Amnesty International has called on the UK Government to reject the idea of a statute of limitations to block the investigation of alleged crimes committed by soldiers and other security forces personnel in Northern Ireland.

The call comes in response to a Westminster debate today on the recommendations of the Defence Committee that the Government enact a statute of limitations “covering all Troubles-related incidents, up to the signing of the 1998 Belfast Agreement, which involved former members of the Armed Forces”. 

Amnesty said that any ‘statute of limitations’ imposed to block investigations for killings and torture carried out by members of the UK armed services during three decades of political violence in Northern Ireland would perpetuate impunity and be an utter betrayal of victims’ fundamental rights to justice.

Grainne Teggart, Amnesty International’s Northern Ireland Campaigns Manager, said:

“The UK Government must reject any moves to legislate for impunity through a statute of limitations. The effect of such would be to grant a blanket amnesty for human rights abuses committed by former members of the security forces.

“All victims of human rights violations and abuses from Northern Ireland’s conflict have a right to an independent investigation, with the possibility of prosecutions to follow where the evidence leads.

“This is true, whatever the identity of the victim and whatever the identity of the perpetrator. To remove this recourse would be a betrayal of victims’ fundamental right to justice."

The debate comes as talks are underway to restore the devolved institutions in Northern Ireland.

Ms Teggart added:

“Victims are paying the price for the failure of government to effectively deal with the past. The current political impasse has served to exacerbate this. The UK Government and all political parties in Northern Ireland need to grasp the nettle now and agree a way forward capable of dealing fully with the past in line with international human rights standards.”

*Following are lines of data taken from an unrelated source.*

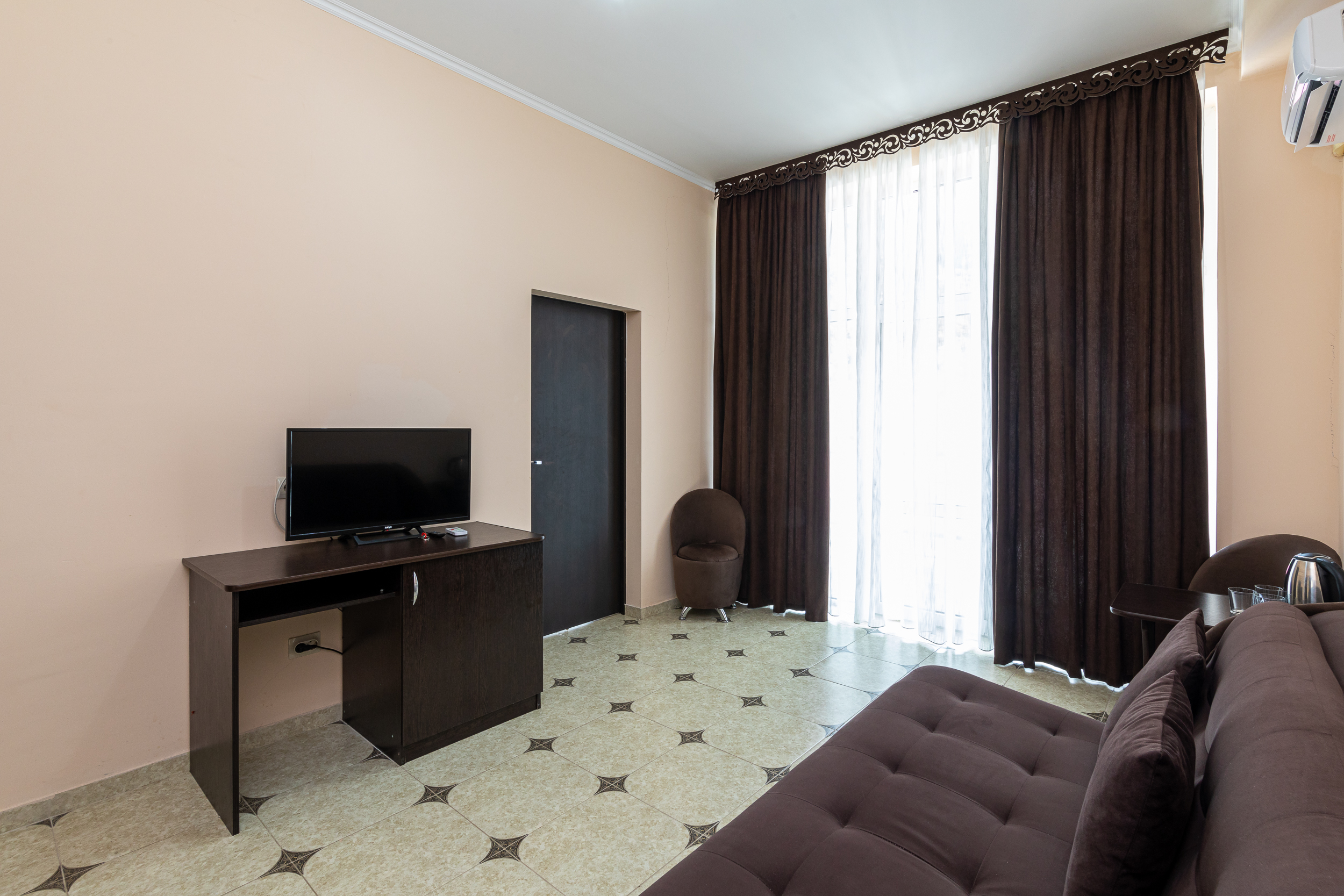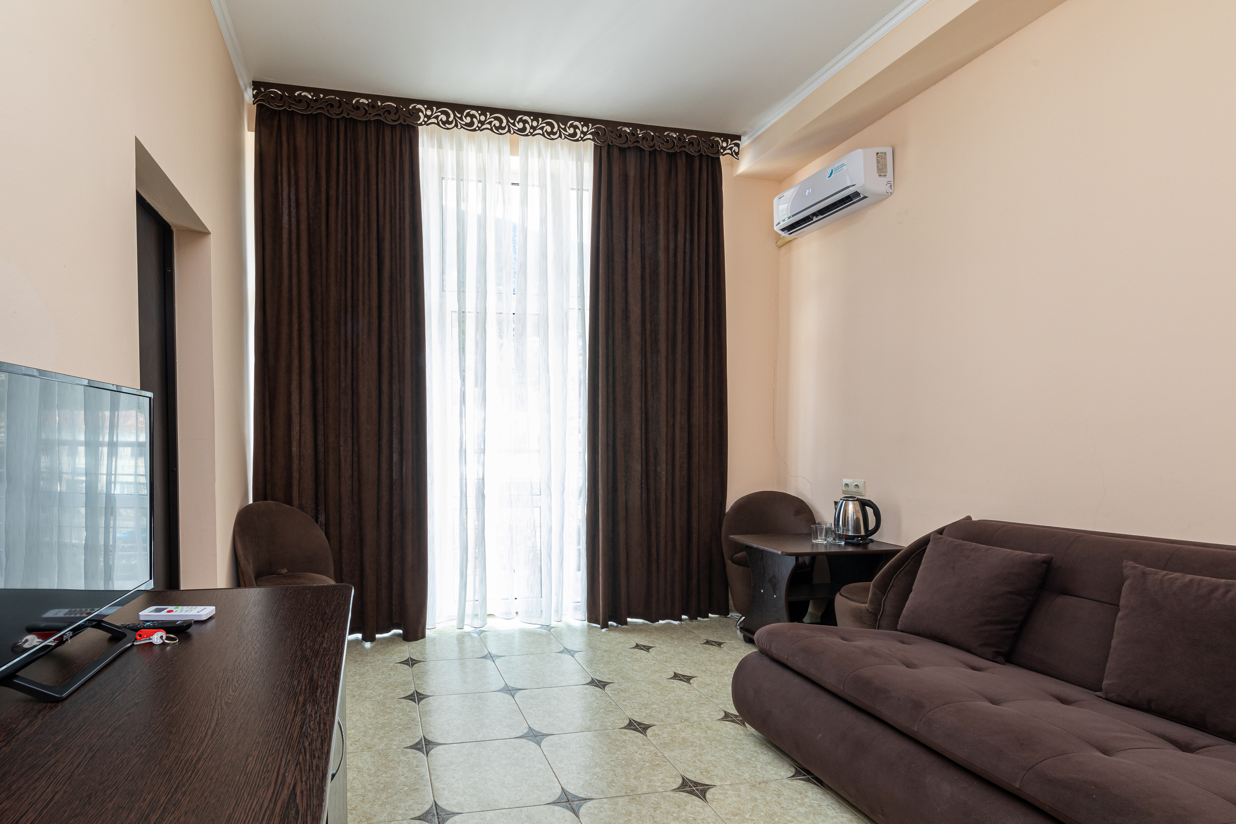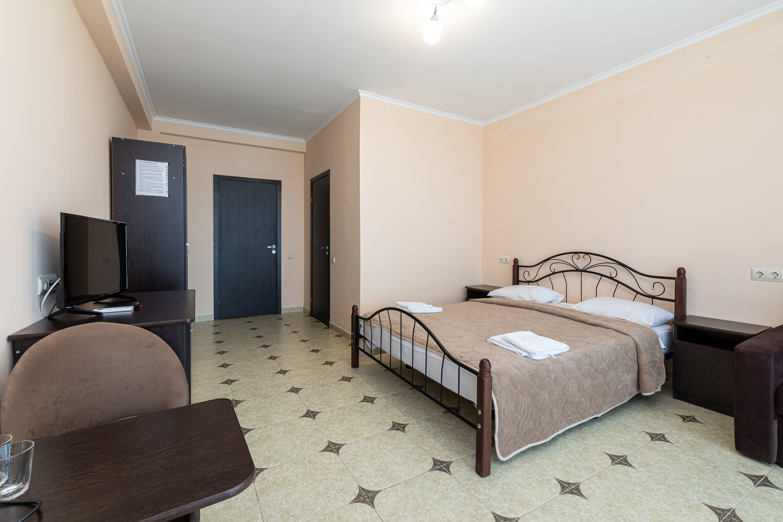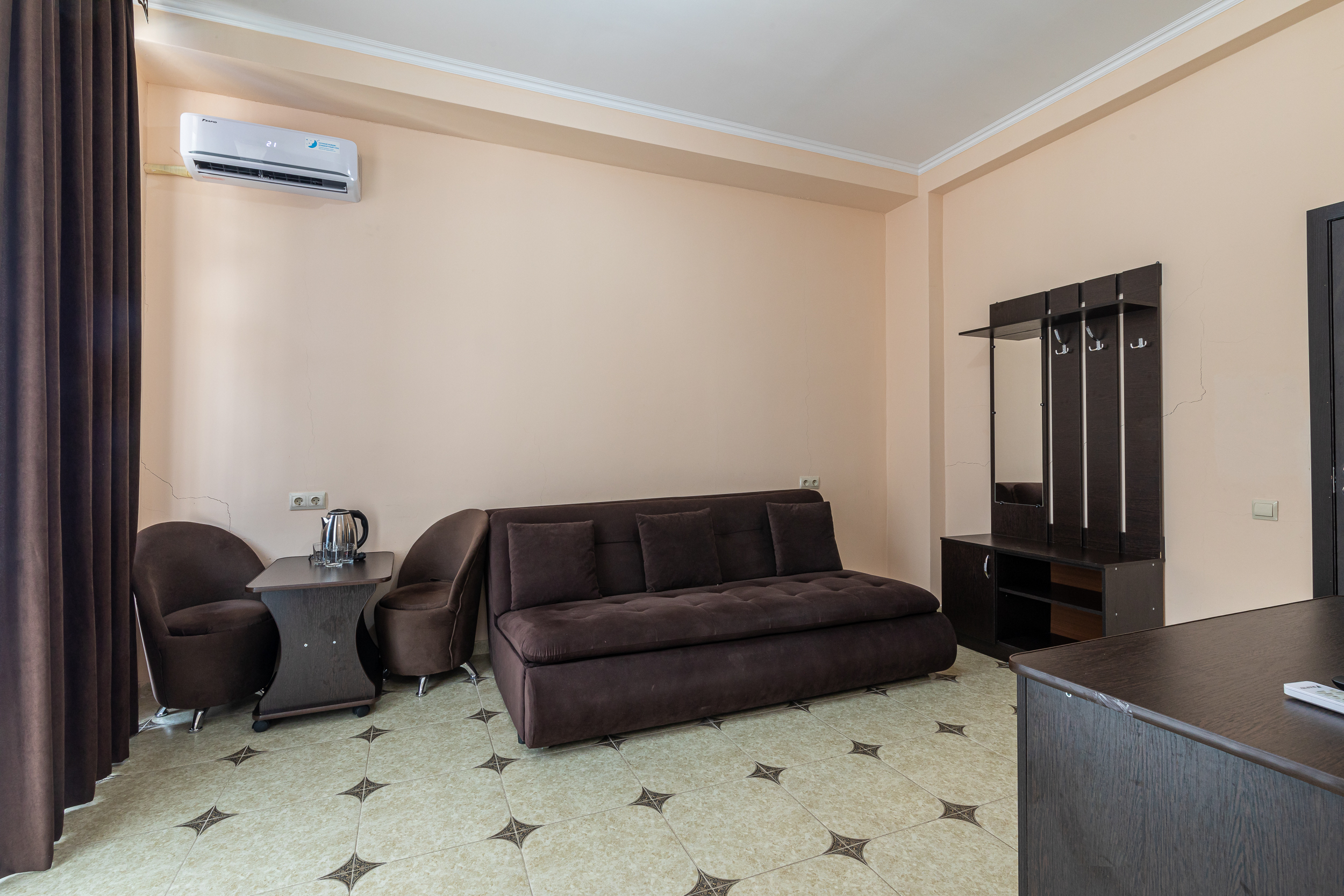 В номере: вешалка, диван раскладной, зеркало, кресла, кровать двуспальная, прикроватные тумбочки, стол, столик журнальный, шкаф, кондиционер, телевизор, холодильник
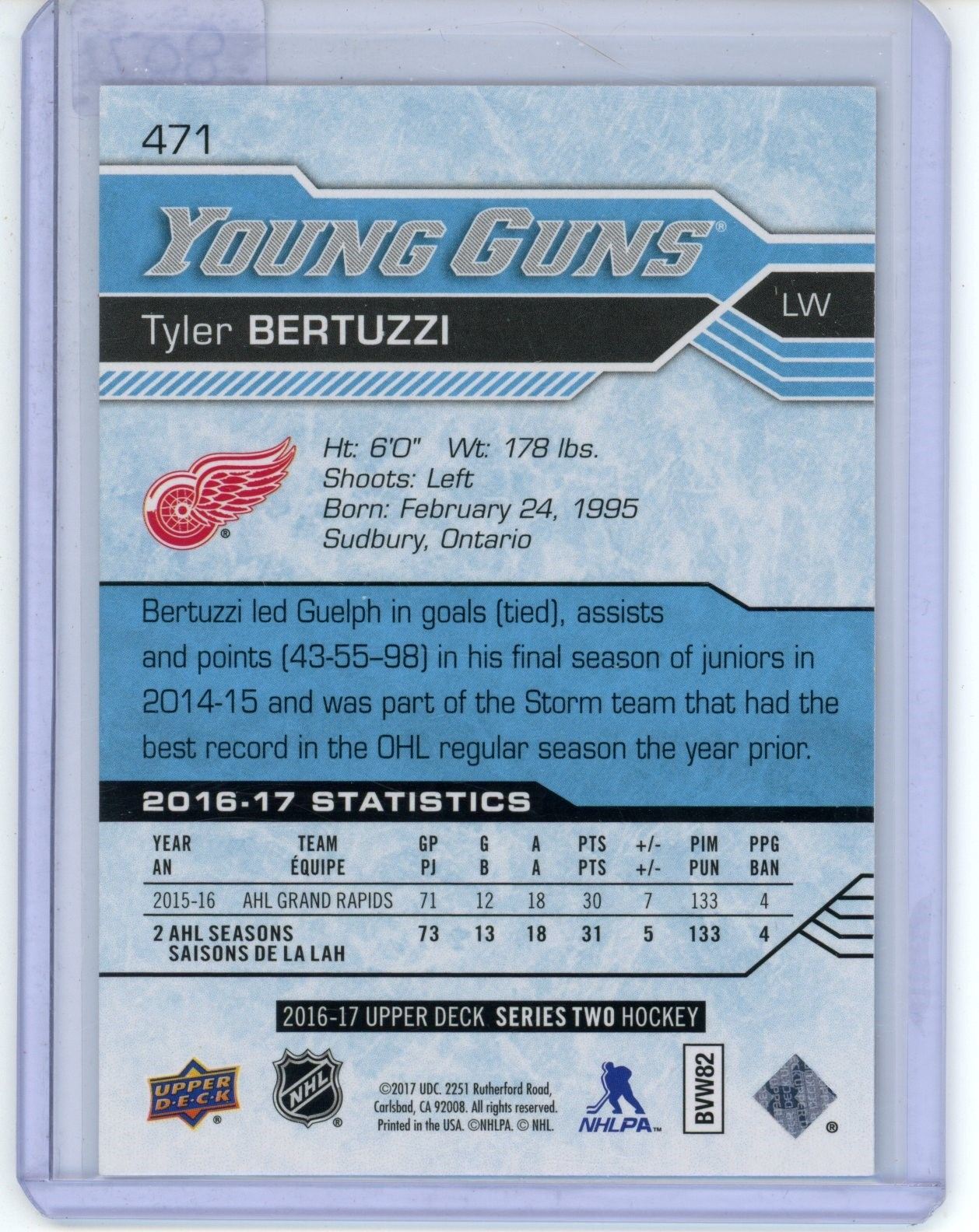 Tyler Bertuzzi Young Guns Hockey Card 2016-17 Upper Deck #471
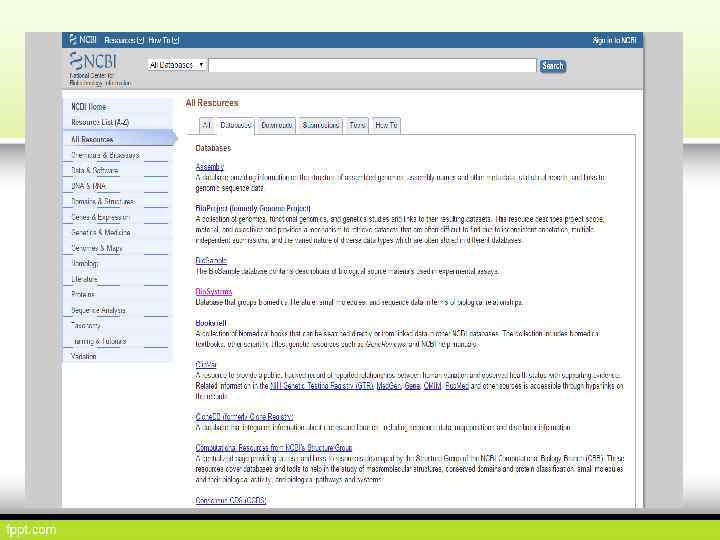 NCBI Databases http: //www. ncbi. nlm. nih. gov/guide/all/#databases Бази даних Національного центру біотехнологічної інформації США Більше 50 баз даних з біомедицини та біотехнології, окремі аспекти генетики.
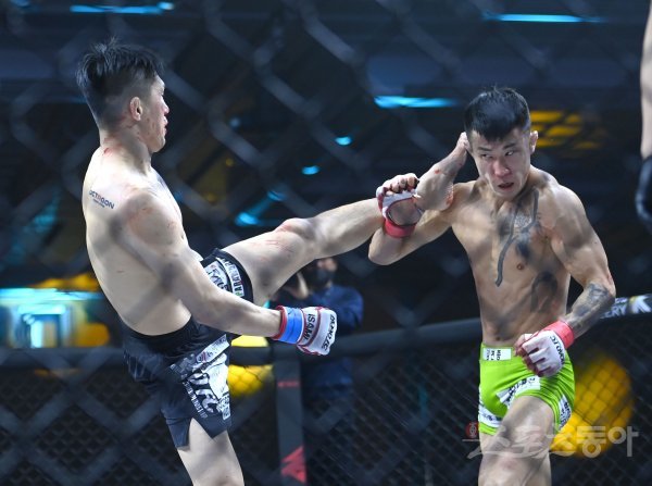 18일 서울 서대문구 스위스 그랜드 호텔 서울에서 ‘굽네 ROAD FC 062’ 가 열렸다. 밴텀급 타이틀전에서 장익환(오른쪽)과 문제훈이 경기를 펼치고 있다.
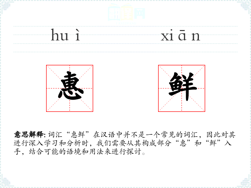 词汇“惠鲜”在汉语中并不是一个常见的词汇,因此对其进行深入学*和分析时,我们需要从其构成部分“惠”和“鲜”入手,结合可能的语境和用法来进行探讨。
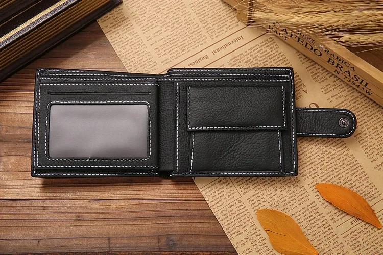 Genuine Leather Men Wallets Premium Product Real Cowhide Wallets for Man Short Black Walet Portefeuille Homme
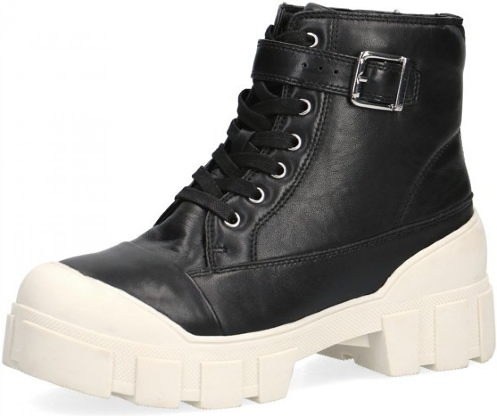 Dámské kožené kotníkové boty černé barvy. Nazouvání zpříjemňuje zapínání na zip a klasické šněrování, přes které je v horní části rozepínací pásek
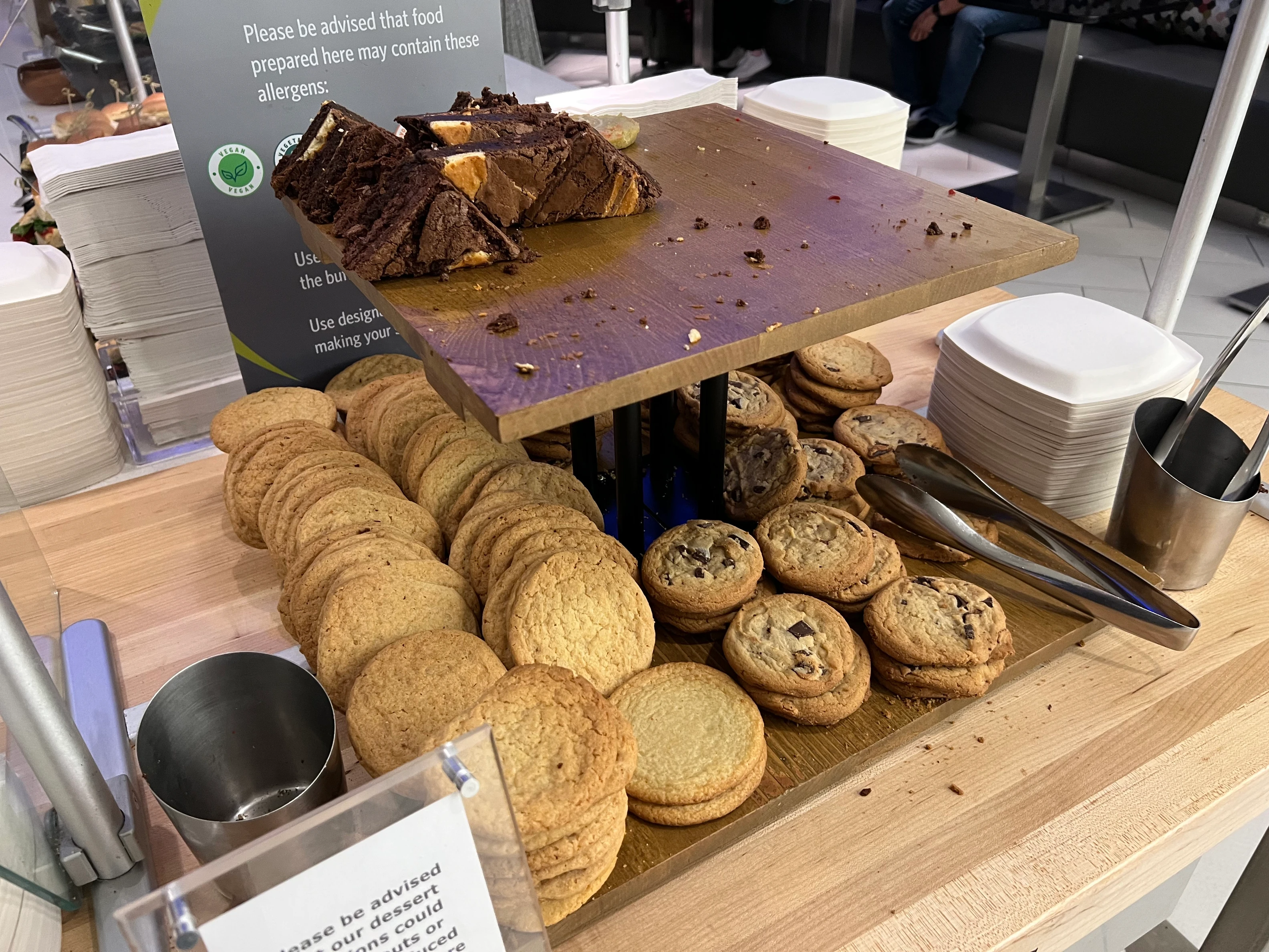 The end cap had cookies and brownies on offer and the backside had some dips, meats and cheeses.
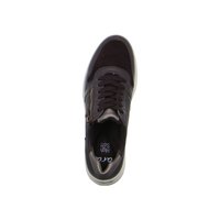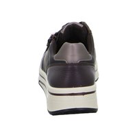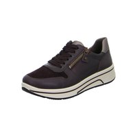Dunkelbrauner Ledersneaker mit beiger Sohle, Schnürung vorne und seitlichem Reißverschluss für einfaches An- und Ausziehen, im Profil vor weißem Hintergrund gezeigt.
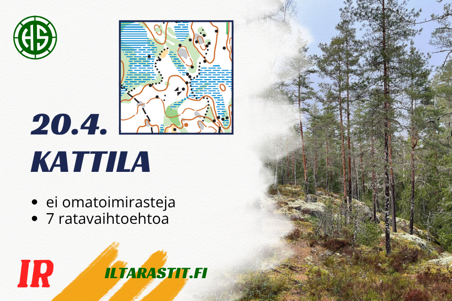 Maanantaina 20. huhtikuuta Iltarastit järjestetään Kattilassa. Metsään voi lähteä klo 16.30–19, ja maali sulkeutuu klo 20. Ilmoittautua ja maksaa voi joko etukäteen Rastilipussa tai tapahtumapaikalla.
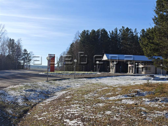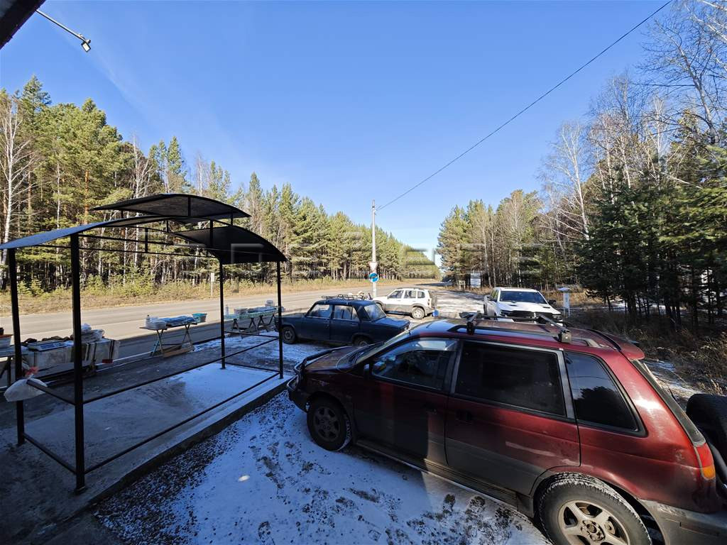 На противоположной стороне находится АЗС. Место очень проходное, люди приезжают с Красноярска чтобы провести время на свежем воздухе, а жители деревни здесь предлагают ягоды, соленья, варенья, вкусные домашние заготовки.
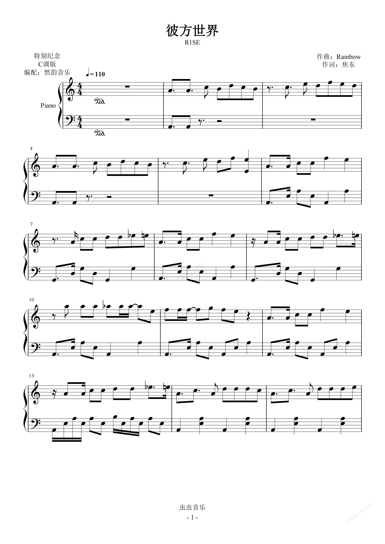 钢琴谱:【C调】R1SE-彼方世界 钢琴完美还原
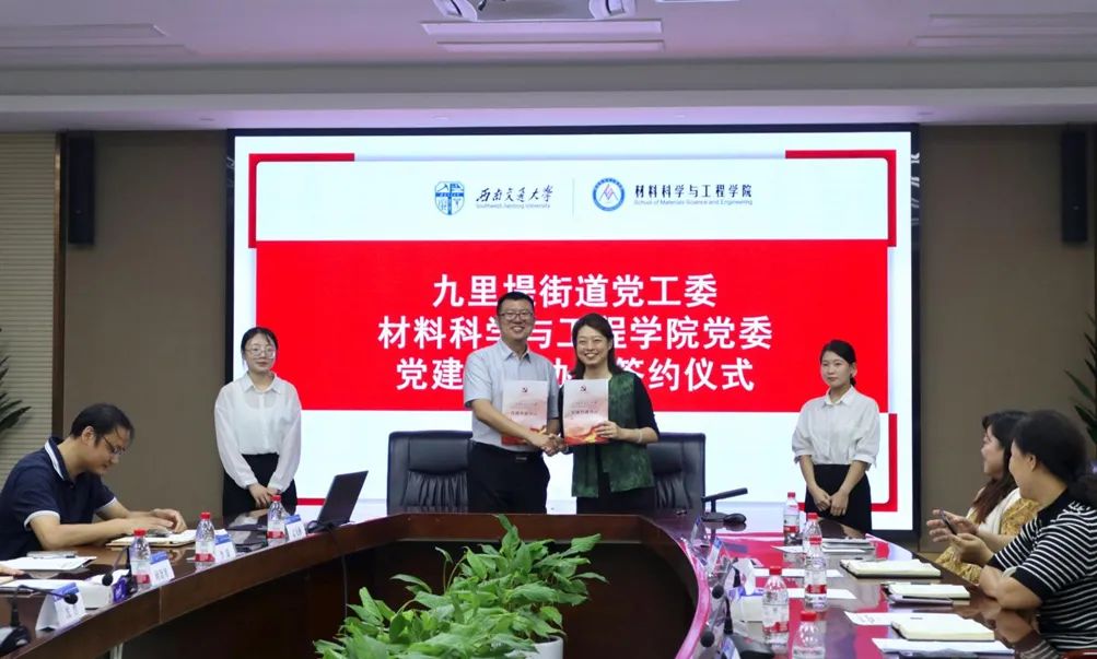 10月11日,公司党委与九里堤街道党工委在J5103会议室举行党建共建协议签约仪式。九里堤街道党工委书记郑晓燕,副书记、办事处主任余兵一行,公司党委组织部副部长兼党校副董事长何诣寒,党委组织部组织科科长雍腾,合作发展处对外合作科科长葛新,公司党委书记沈哲等出席签约仪式。签约仪式由熊钰副书记主持。

Amnesty’s 2013 report, ‘Northern Ireland: Time to deal with the past’, found that the patchwork system of investigation that has been established in Northern Ireland has proven inadequate for the task of establishing the full truth about human rights violations and abuses committed by all sides during the three decades of violence.

The human rights organisation is calling for a comprehensive mechanism to be set up to review the conflict as a whole, establish the truth about outstanding human rights violations and determine responsibility.